Thu, Sep 24, 2009 - Page 19 News List

Floyd Mayweather agrees to pay back taxes of US$5.6m


Floyd Mayweather Jr agreed to pay US$5.6 million in back taxes before the US Internal Revenue Service (IRS) was poised to take the money from his purse after his comeback fight against Juan Manuel Marquez last weekend.

The IRS sent the Nevada Athletic Commission a levy notice on Sept. 4 ordering Mayweather’s unpaid taxes from 2007 to be deducted from his US$10 million fight purse, commission executive director Keith Kizer told reporters.

Kizer said the IRS backed off one week later, after Mayweather agreed to pay the money. Mayweather won Saturday’s non-title fight by a unanimous decision.

Mayweather’s tax attorney, Jeffrey Morse, said on Tuesday that federal officials never intended to take Mayweather’s purse, and the five-division champion has satisfied all of his IRS debts.
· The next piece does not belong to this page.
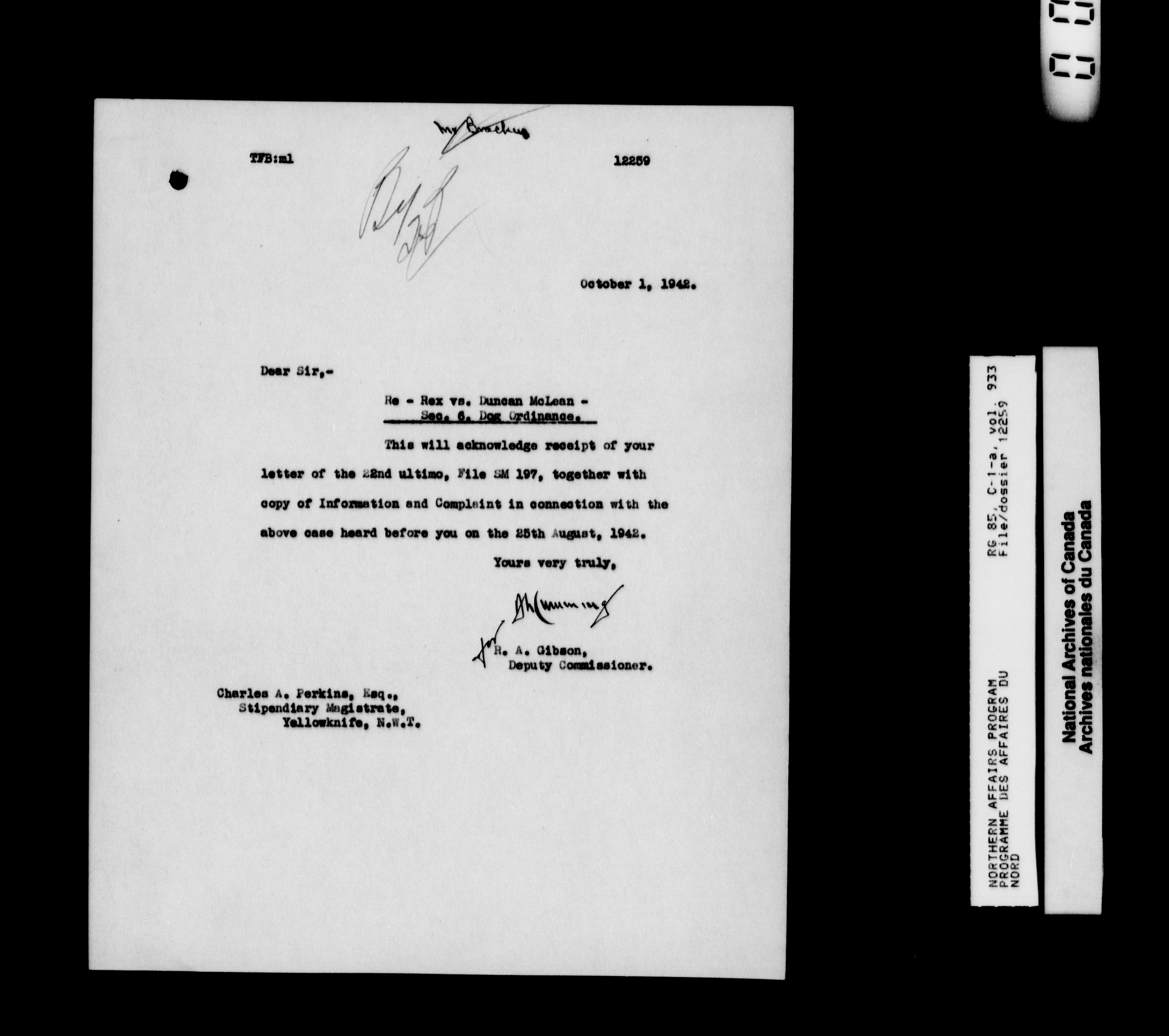 Department of Indian Affairs : Northwest Territories and Yukon Branch, Central Registry files - 13937

“Floyd has — and I will absolutely attest to it — more than satisfied every tax obligation that he has,” Morse said. “As of today, as of some time ago, which I can’t tell you when, he owes zero to the IRS.”
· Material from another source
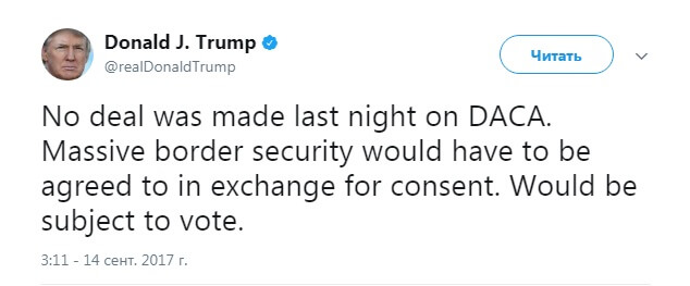 И сам Трамп позже опровег заявление демократов. «Никакого соглашения по DACA прошлой ночью достигнуто не было,» — написал президент в Twitter.

Morse said he expected the IRS to release a US$6.17 million lien filed with the county recorder’s office in Las Vegas in October last year.
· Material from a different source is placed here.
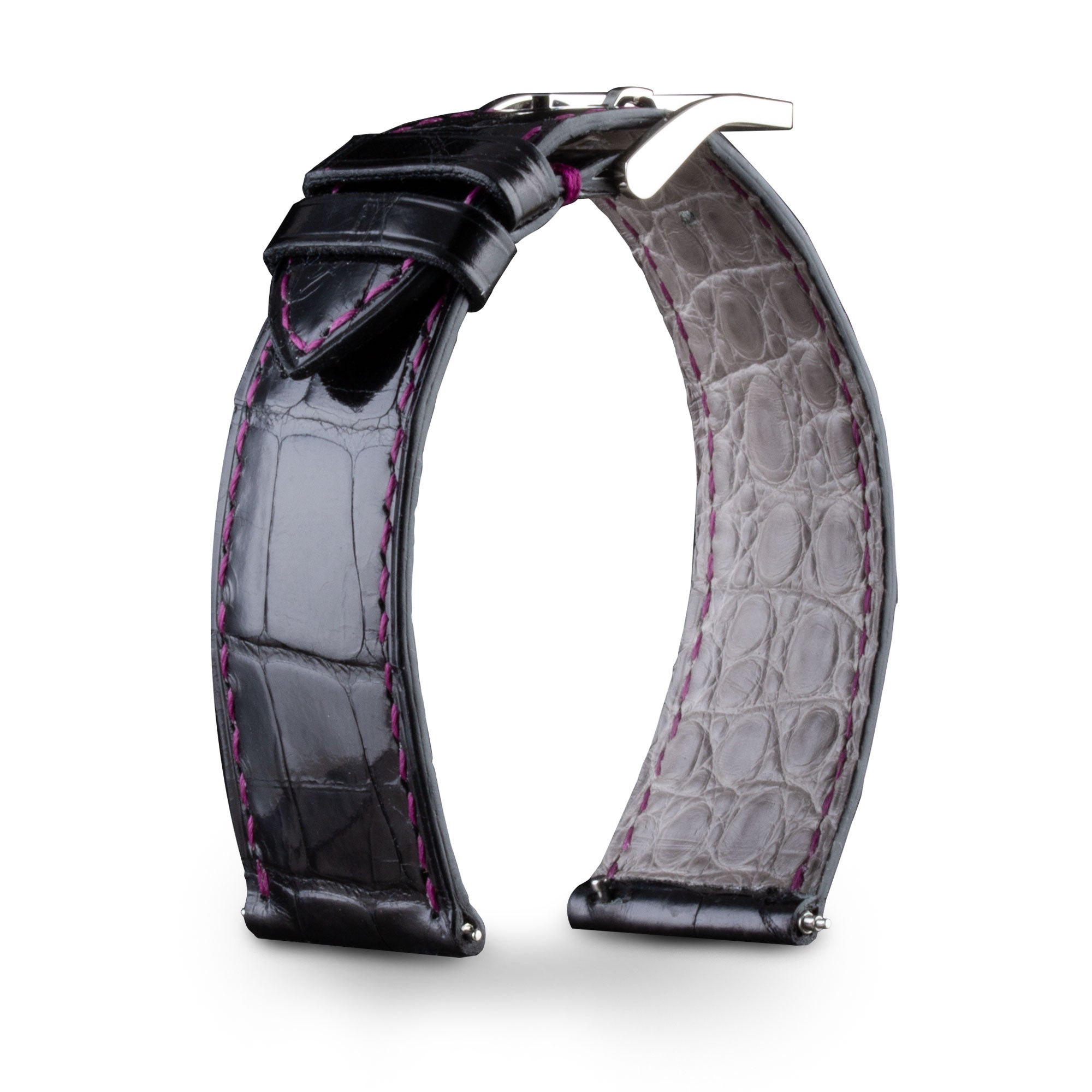 Genuine glossy black alligator leather watch strap. Grey rounded scales alligator lining. 2mm (0.08 inch) flat thickness at the watch, pink stitching.

Records on Tuesday showed the lien was still open.

IRS spokesman Raphael Tulino said he could not comment on individual tax matters.

A copy of the levy notice obtained by the AP shows the IRS was seeking less than what it filed for in its lien. The notice dated Aug. 25 said Mayweather owed US$4.71 million in unpaid taxes and US$930,000 in statutory additions calculated through Sept. 25.

“Although we have given the notice and demand required by the [Internal Revenue] code, the amount owed hasn’t been paid,” the notice to boxing regulators said. “This levy requires you to turn over to us this person’s property and rights to property that you have or which you are already obligated to pay this person.”

Morse said Mayweather owed substantially less than the US$5.6 million levy, but would not say why it was valued at less than the original lien.

Morse said the levy itself was part of Mayweather’s agreement with the IRS, not an impetus for the boxer to settle the debt. Morse said the levy was used by the IRS as collateral.